Step 3: Check your available context length. If you can provide L ≥ 576 steps of history, a foundation model (Chronos-2, TimesFM-2.5) is more likely to outperform a compact DL model. If you are constrained to L = 96, a well-trained compact DL model (CrossFormer-class) is more likely to match or beat a larger FM.

Step 4: Check seasonality. If your series lack strong seasonality (S < 0.4), DL baselines remain very competitive. In this benchmark, foundation model advantages concentrate in the high-seasonality cells.

Step 5: Prioritize data over model size. If you are considering fine-tuning, collecting 10–100× more domain-specific training data may produce larger gains than upgrading to a larger base model.

#Benchmarking Methodology Notes

The 232,200 evaluation instances are generated via dense rolling-window evaluation across:

3 context lengths: L = 96, 576, 1,024
3 forecast horizons: H = 48, 288, 512
2 variate modes: univariate (UV) and multivariate (MV)

The paper also reports cross-benchmark consistency with the Timer benchmark suite (Spearman ρ = 0.865, p < 0.01) and cross-metric consistency between MAE and MSE (mean Spearman ρ = 0.847 per configuration), supporting the claim that the benchmark's rankings are not purely artifacts of one metric choice.

The paper includes explicit comparisons to GIFT-Eval and FEV Bench to situate the findings within the existing evaluation landscape, and the code, data, and evaluation framework are open-sourced with data available on HuggingFace.

#Bottom Line

QuitoBench is a strong attempt to reframe time series benchmarking around statistical regime rather than domain label.
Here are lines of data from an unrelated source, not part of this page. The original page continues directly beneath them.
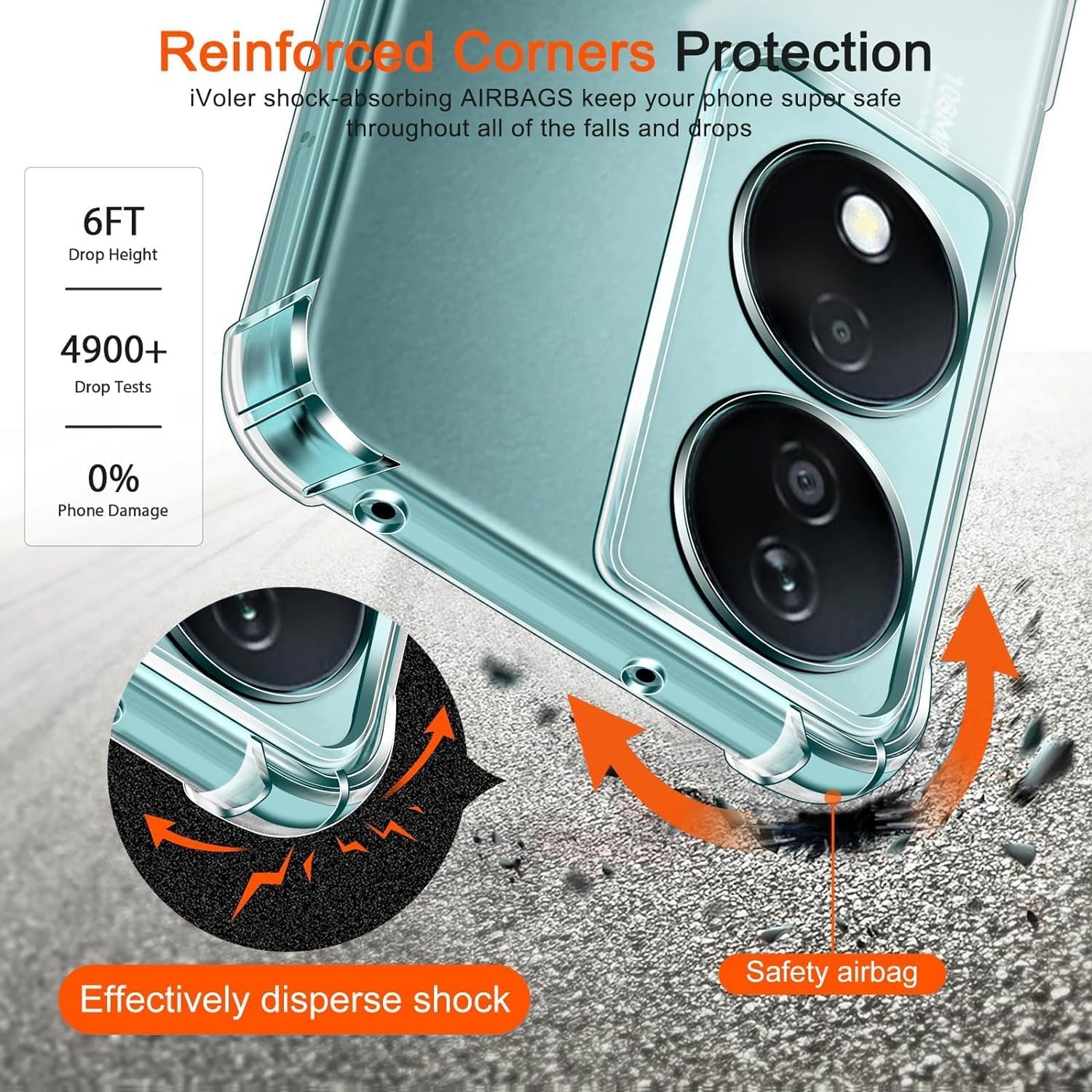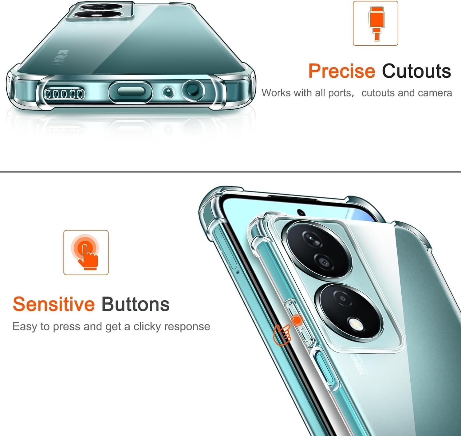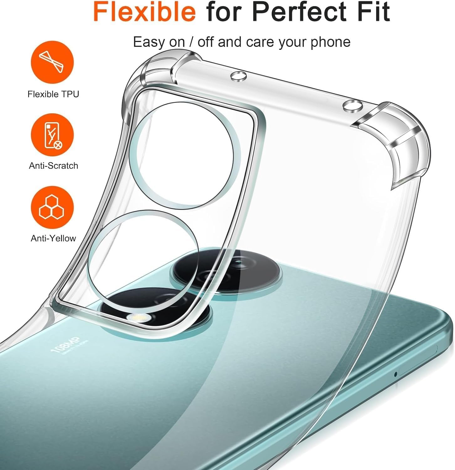 زوايا معززة لامتصاص الصدمات والتلف ومقاومة الأوساخ. شفافية واضحة للغاية تبرز تصميم الهاتف الأصلي. تصميم نحيف وسهل الحمل في الجيب. سهولة الوصول إلى جميع عناصر التحكم والأزرار. متوافق مع الشحن اللاسلكي.
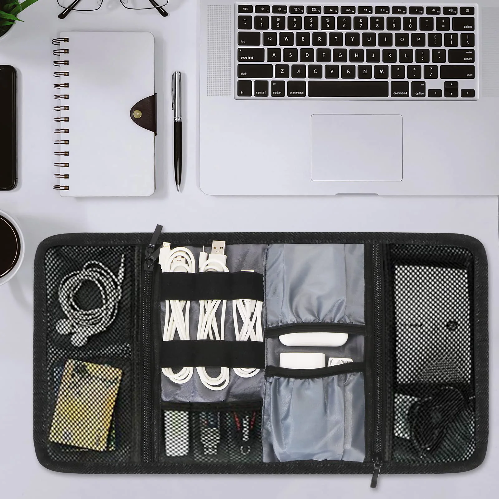 It keeps power banks, cables, chargers, and other digital devices neatly organized.
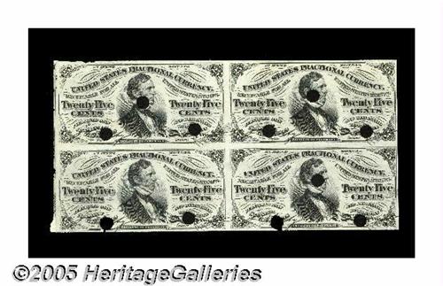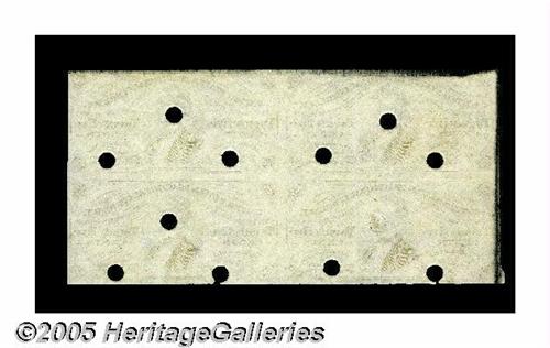 <B> Milton 3E25F.2g 25¢ Third Issue Experimental Block of Four Gem New.</B></I> Previously lot 1094 of our January 1997 Sale, where it was described, "This block was originally offered in the Sotheby's November 5, 1985 Sale as a block of six, but the two pieces at the right were severed and sold, each to a separate collector. The block that [Milt Friedberg] retained contains four incredible Fessenden proofs, the two at the left having the position letter 'a.' The block is clearly from the upper left corner of the plat, as the impression of the edge of the plate is visible. Each of the three notes has three round hole cancels, but in the bottom left note the hole in Fessenden's face was not fully punched and the paper is still present. This is an item of incredible significance, as no experimental multiples from this or any other third issue denomination are known with the position letter present. The condition is spectacular, with all four notes and the block itself grading Gem New, with full original brightness of both the paper and ink." Eight years ago this block realized $2,750, and was one of the great bargains from the Friedberg Sale, having carried an estimate of $6,000-up.
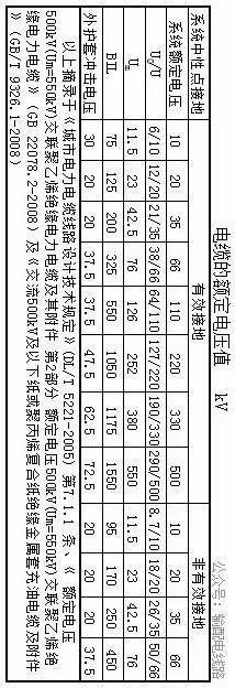額定電壓是電纜及附件設計和電性試驗用的基準電壓,用U0/U表示
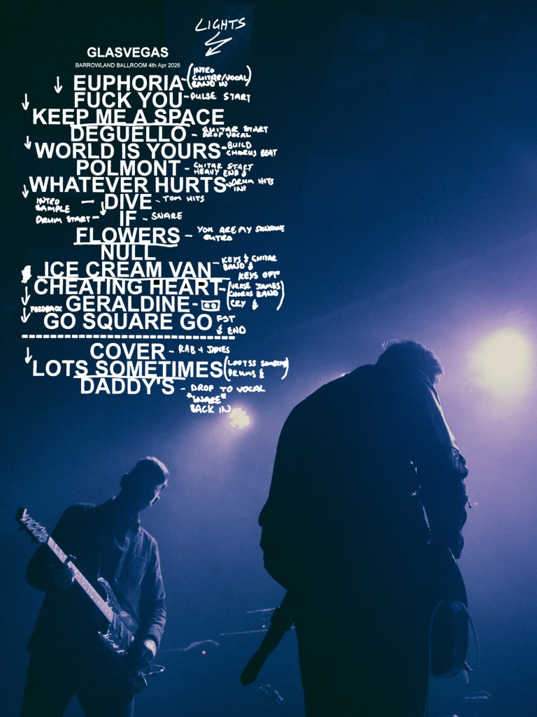 Launching straight into “Euphoria, Take My Hand”, Glasvegas set the tone for their Barrowlands return with a surge of intensity that immediately gripped the crowd. From there, frontman James Allan’s raw and emotional delivery took hold, while the band created their signature wall of sound around him. Rab’s shimmering guitar, Paul’s driving bass, and Chris’s crashing drums built a sonic backdrop that was both immersive and powerful, allowing James’ vocals to cut through with clarity and impact.
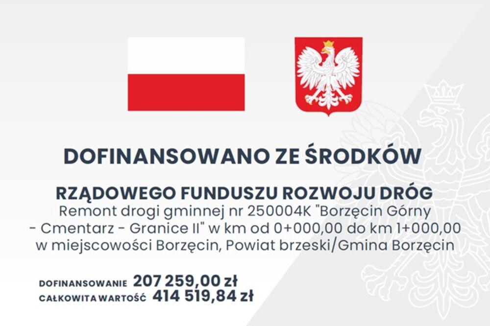 W roku 2023r. Gmina Borzęcin pozyskała środki z Rządowego Funduszu Rozwoju Dróg na realizację zadania pn.: Remont drogi gminnej nr 240004K „Borzęcin Górny - Cmentarz - Granice II”  w km od 0+000,00 do km 1+000,00 w miejscowości Borzęcin, Powiat brzeski/Gmina Borzęcin.
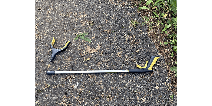 Today it was a bucked of red stain with wet rags. We used our pickers to lay the rags out so they would dry by next week when we pass this way again. And, yes, our picker pinchers are now red.
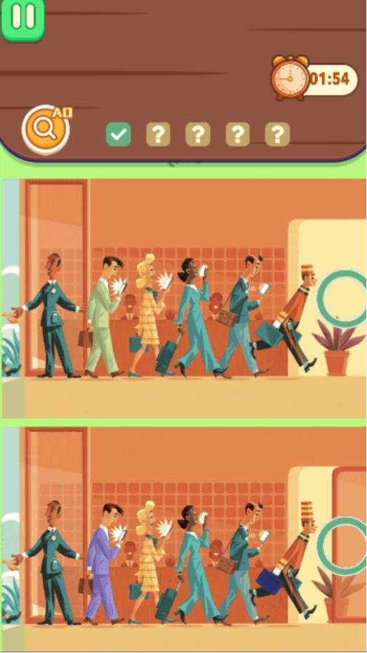 1、眼力找不同,一起来解压,没有什么的难度,随时可以玩;
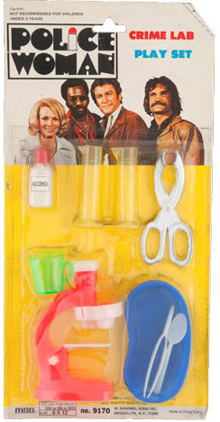 A peculiar crime lab play set was produced in conjunction with the “Police Woman” TV show.

Its core contribution is not a new model but a different way of organizing the evaluation question. By replacing domain buckets with TSF regimes and building on a billion-scale, single-provenance corpus, it surfaces model-selection patterns that are easier to act on in practice.

The context-length crossover alone — DL wins at L=96, TSFMs win at L≥576 — is a concrete operational rule. The forecastability result reframes how to think about difficulty. The data-scaling result pushes against the instinct to solve forecasting problems mainly by selecting larger models.

Foundation models are not uniformly better than compact DL models. In QuitoBench they are better in specific regimes — longer context, stronger seasonality, and moderate-to-high forecastability — and worse in others. Knowing which regime you are in is, with this benchmark, a more tractable problem than it was before.

Primary sources: QuitoBench paper (arXiv:2603.26017), QuitoBench project website, Quito dataset on HuggingFace, source code on GitHub.